Febrie selanjutnya hadir dan menjalani pemeriksaan.
Kejagung menilai tidak ada ketentuan yang dilanggar hanya karena jarak antara penerbitan surat panggilan dan jadwal pemeriksaan hanya dua hari.
“Terlebih pemohon pada akhirnya hadir dan menjalani pemeriksaan,” kata tim hukum Kejagung.
Kejagung juga menyebut Pasal 26 ayat (2) KUHAP tidak secara tegas mengatur batas waktu minimal antara penerbitan surat panggilan dan jadwal pemeriksaan.
Dengan demikian, Kejagung menganggap anggapan bahwa tenggang waktu dua hari tidak wajar merupakan penilaian subjektif dan tidak otomatis membuat proses penyidikan maupun penetapan tersangka menjadi cacat hukum.

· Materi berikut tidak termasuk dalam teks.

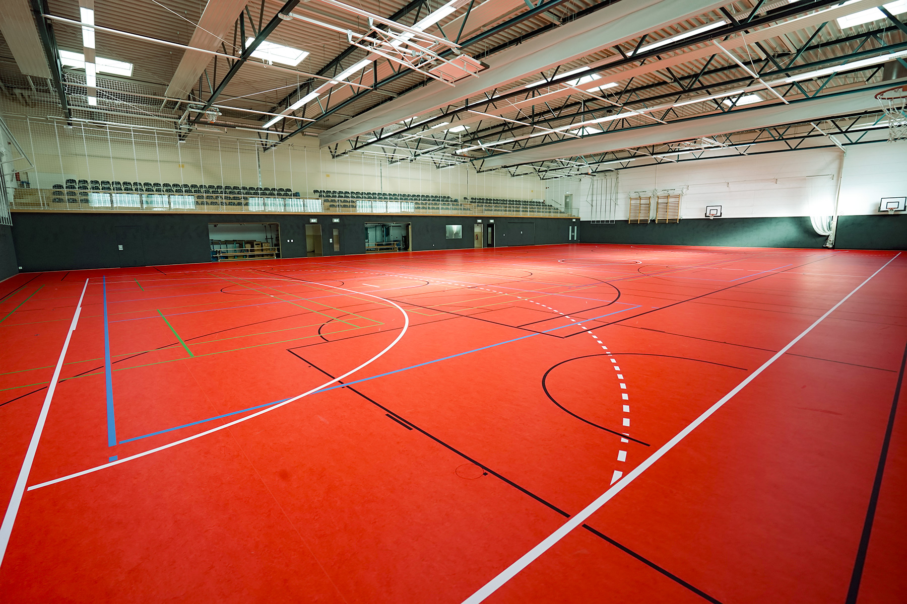 Für die sportliche Betätigung stehen umfangreiche Sport- und Spielgeräte zur Verfügung. Die Halle beherbergt ein Hallenhandball-/ Hallenfußballfeld, ein Tennisfeld, drei Volley- und Basketballfelder sowie sechs Badmintonfelder. Für sportliche Veranstaltungen steht eine Tribüne mit 300 Sitzplätzen zur Verfügung. Moderne und großzügig ausgestattete Sanitär- und Umkleideräume gewährleisten die notwendige Sicherheit und Hygiene.

“Bahwa berdasarkan seluruh uraian tersebut dalil pemohon mengenai pelanggaran Pasal 91 KUHAP adalah tidak berdasar menurut hukum dan tidak dapat dijadikan alasan untuk menyatakan penetapan tersangka tidak sah,” ujar tim hukum Kejagung.
Melalui jawaban tersebut, Kejagung pada intinya meminta hakim mengesampingkan dalil-dalil yang diajukan Febrie dan menyatakan permohonan praperadilan tersebut tidak beralasan menurut hukum.